(CNBC) – Facebook has been aware of real-world harms propagated by its platforms and ignored warnings from employees about those dangers, according to the Facebook Papers, a series of articles published by 17 U.S. news outlets beginning Friday.
Earlier this month, the Wall Street Journal reported that the platform is used for sex trafficking, helps spread vaccine misinformation and damages the mental health of users, particularly young users, among other allegations.
With such negative allegations — which the company says are not true— it might surprise some investors to learn that Facebook is often held by mutual funds that say they take environmental, social and governance, or ESG, factors into account when selecting investments.

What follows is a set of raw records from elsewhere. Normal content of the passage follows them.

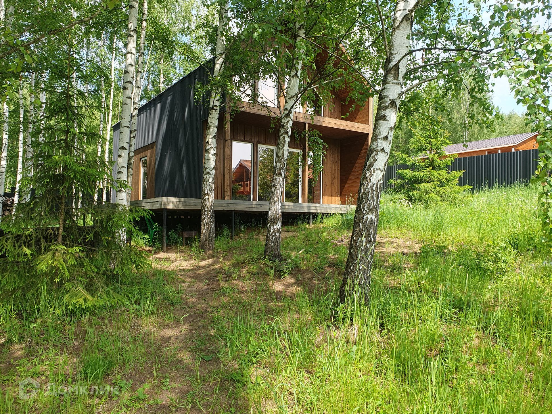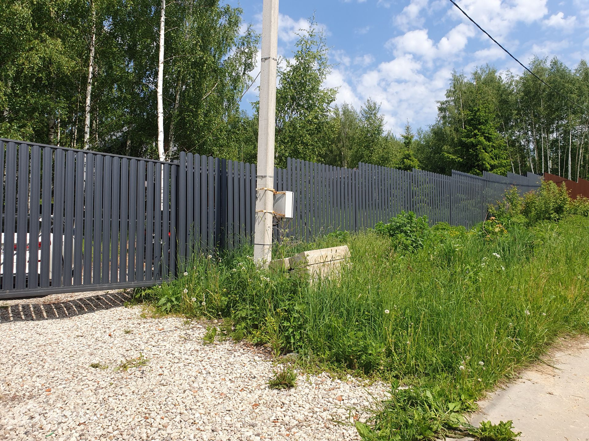Участок огорожен, въезд осуществляется через автоматические ворота, отдельно сделан выход в лес.
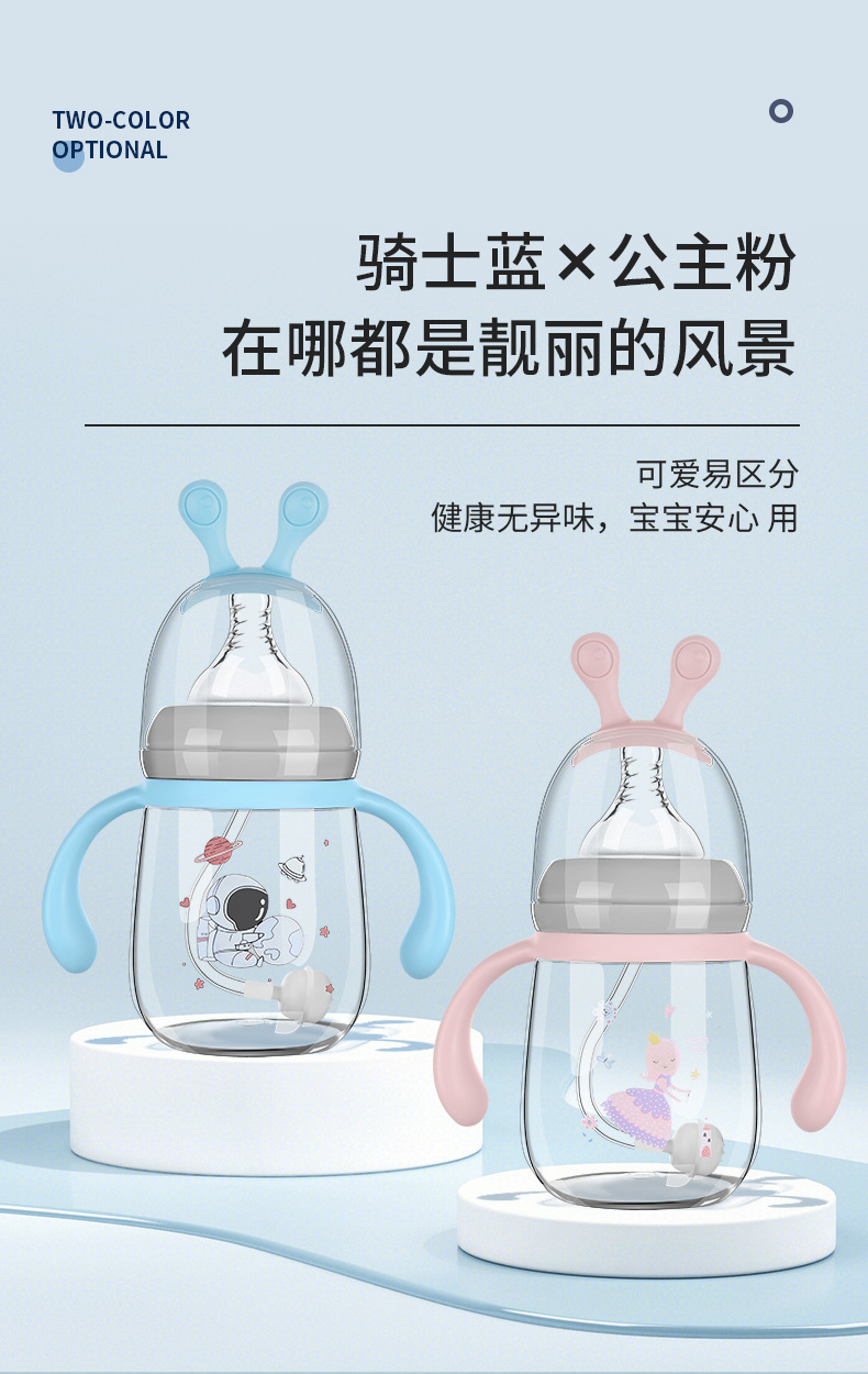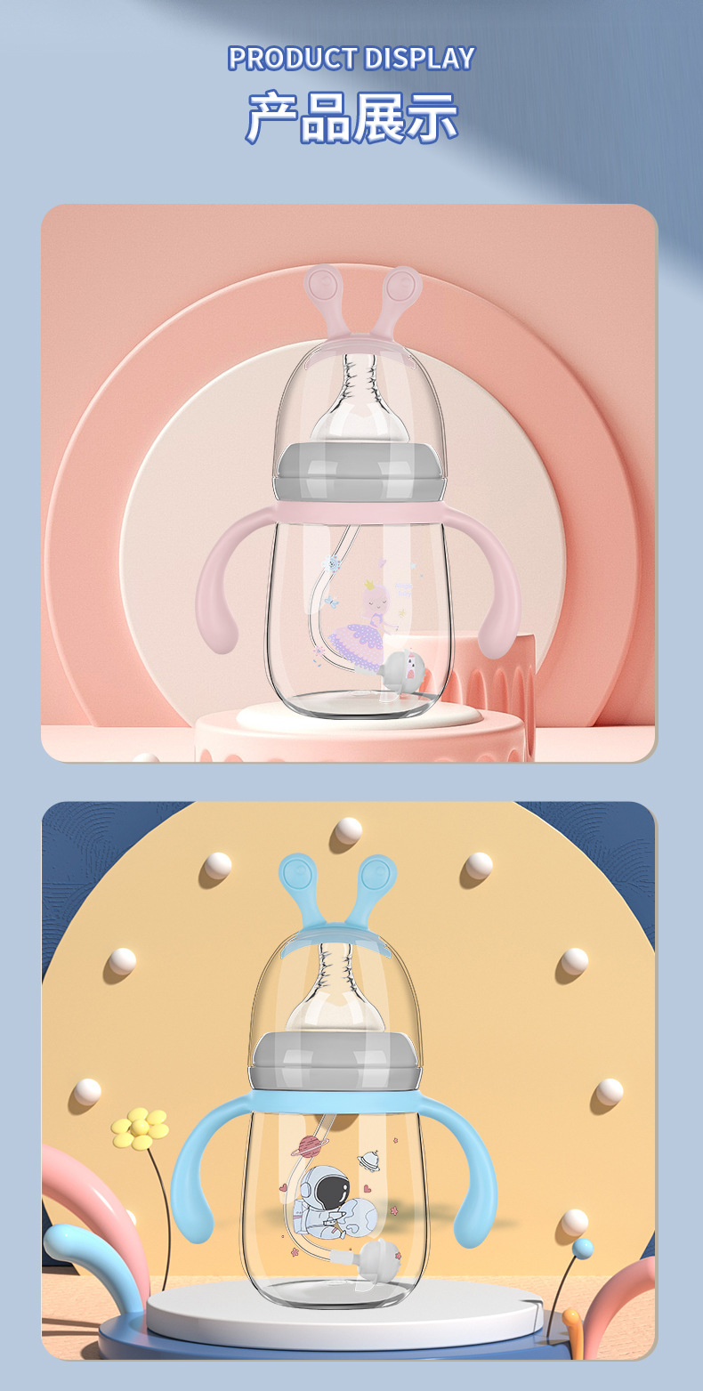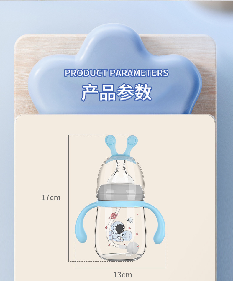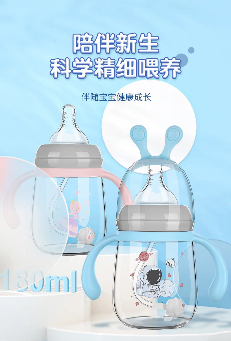 Biberón creativo de dibujos animados 180ml anti - caída, anti - asfixia y anti - alta temperatura biberón de plástico simulado artefacto de destete de chupete de silicona
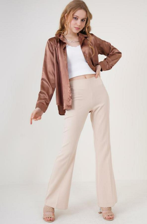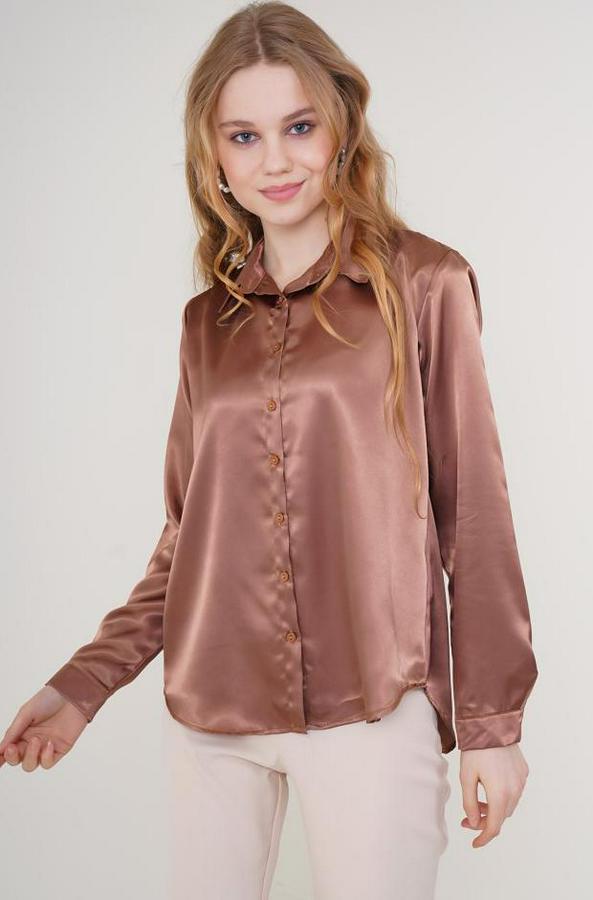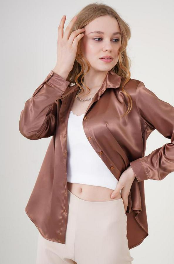 3964 Hafif Dökümlü Saten Gömlek - Taba

It is included in the Vanguard ESG U.S. Stock fund, for example, as well as the FlexShares STOXX US ESG Select Index Fund, among others.
The recent allegations, which are backed by thousands of pages of internal Facebook documents, are far from what investors think of as socially responsible, says Andrew Behar, CEO of As You Sow, a nonprofit foundation that promotes corporate social responsibility. A company that reportedly targets products to minors despite its own research showing that some teenage girls have committed suicide as a result is not what many socially conscious investors want their money to support, he says.
“I think Facebook violates all kinds of definitions of ESG … having to do with hate speech, having to do with election fraud, having to do with criminal activity,” Behar says. “It really should be dropped from an ESG fund.”
A Facebook representative pointed CNBC Make It to its ESG section in its proxy statement in response to a request for comment for this article.
What does sustainable mean?
Sustainable investing, another way to refer to ESG, is increasingly popular, reaching record high inflows in 2020. Investors, particularly younger ones, want their money to go to companies that they believe have good track records on not contributing to climate change and treating their employees well.
But there’s no agreed upon standard for measuring ESG factors. Fund companies create their own metrics for measuring how sustainable a company is in different areas. Different funds with similar objectives often hold different companies, depending on how the fund manager scores companies.
“ESG funds are often not ESG,” says Behar. “They can define ESG however they want in their prospectus.”
Facebook might be included in an ESG fund because it performs relatively well in environmental considerations, according to S&P Global. MSCI, one of the world’s largest index providers and ESG researcher, ranks Facebook as a leader in carbon emissions and average in factors like corporate governance and privacy & data security. Fund managers could look at that and decide it’s okay to include.
Funds also need to perform well, otherwise no one would invest in them. That’s why so many so-called sustainable funds are stocked with FAANG companies — including Facebook, Apple, Amazon, Netflix and Google (or Alphabet) — which are often among the top-performing stocks in major indices.
ESG proponents say that companies can do good and perform well. In fact, the Biden administration recently argued that having a good ESG rating can lead to better performance over time.
But Facebook’s inclusion in ESG funds shows the conversation is complicated, Behar says. In 2019, the company was actually dumped from an index tracking companies that abide by socially responsible practices amid user privacy concerns. But others still include it.
Behar says he expects more sustainable funds to drop the company after the recent revelations. “I know the true ESG funds are dumping Facebook, I don’t know about the fake ones,” he says. “It will be a test.”
The social media platform isn’t the only questionable company in ESG funds. Other big tech companies, for example, have their own spotty records on human rights, environmental and other issues, and yet are often included, Behar says.
And ESG funds are often more expensive to invest in than a standard index fund because of the time and research fund managers put into selecting the companies in it, meaning individuals could be paying more to invest in a lie, Behar says.
Ultimately, it’s up to individuals to research the funds they’re interested in, and to make the call for themselves on what they feel comfortable with. But even that is complicated for the average investor, says Behar. Typically, investors research funds by searching for their prospectus. But those only includes a fund’s top 10 holdings. They can also check on a site like Morningstar.